Japanese giant Mitsubishi exits its $450m Australian land-lease partnership with Stockland

The portfolio includes six new operational land-lease communities comprising 2025 homes with resort-style facilities.

Japanese heavyweight Mitsubishi Estate Asia is selling its 49.9 per cent interest in a $450m land-lease partnership it set up with Stockland four years ago.

The sector has surged as buyers seek the budget sector which has become a much larger part of the property landscape. Operators such as Hometown Australia, Ingenia and GemLife are the major players. Contenders are also lining up for the Lincoln Place retirement business which will go on the market in March.

The Japanese group is exiting after backing Stockland in the development phase. CBRE’s Stuart McCann and Paul Ryan are handling the sale of the MEA stake, while Stockland will retain its majority holding and keep running the portfolio.

It includes six new operational land-lease communities comprising 2025 homes with resort-style facilities across southeast Queensland and Melbourne.

The deal is part of Mitsubishi Estate Asia’s global capital recycling strategy although it continues to be one of the top investors in local property where it has backed a series of office and residential towers, as well as industrial portfolios.

Mitsubishi Estate Asia has been selling out of holdings, including its interest in Salesforce Tower in Sydney after backing its development.

It is putting capital into new projects such as luxury apartments overlooking Hyde Park in Sydney.

Tarun Gupta

Stockland chief executive Tarun Gupta.

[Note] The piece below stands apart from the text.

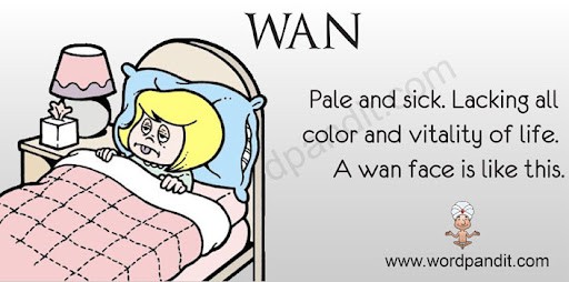 🇬🇧/wɒn/ 🇺🇸/wɑːn/📚 5929 1托福If you describe someone as wan, you mean that they look pale and tired. 面带倦容的

Picture: Jane Dempster

Mitsubishi Estate Asia head of Australia Yosuke Matsunaga said the Stockland Residential Rental Partnership and land-lease communities asset class had performed “exceptionally well” in the development period.

“As the portfolio is now largely stabilised, this divestment will allow us to recycle capital and pursue further high-quality investment opportunities in the Australian market,” he said.

Mr McCann said the sale was attracting strong local and offshore investor demand due to the opportunity to partner with Stockland and tap into Australia’s land-lease sector.

“Australia’s $12bn-plus land-lease sector is attracting major institutional and private equity capital, driven by strong demand for affordable, age-qualified housing,” he said.

“The Mitsubishi Estate Asia divestment provides an opportunity to invest in one of the country’s highest quality land-lease portfolios, alongside an operator and developer with a strong brand, over 20 years of experience in the land-lease sector and a track record of successful delivery.”

Mr Ryan said the portfolio benefited from resilient operating cashflow and annuity-style income. “An ageing population with an extended lifespan and growing retirement wealth is driving demand and supporting the premium end of the land-lease market,” Mr Ryan said.

“The Stockland Residential Rental Partnership portfolio is supported by this lifestyle-focused demographic and the growing demand for community lifestyle benefits, amenity and convenience.”

Stockland, under chief executive Tarun Gupta, has made capital partnerships a priority and it retains close ties with Mitsubishi Estate Asia.

In 2023, the Japanese group struck a deal to invest in Stockland-owned housing estates. The listed company separately has a $1bn capital partnership with US giant Invesco Real Estate in the land-lease sector.

The company last year closed deals worth about $800m to bring US private equity house KKR and British funds giant M&G Real Estate into its logistics business.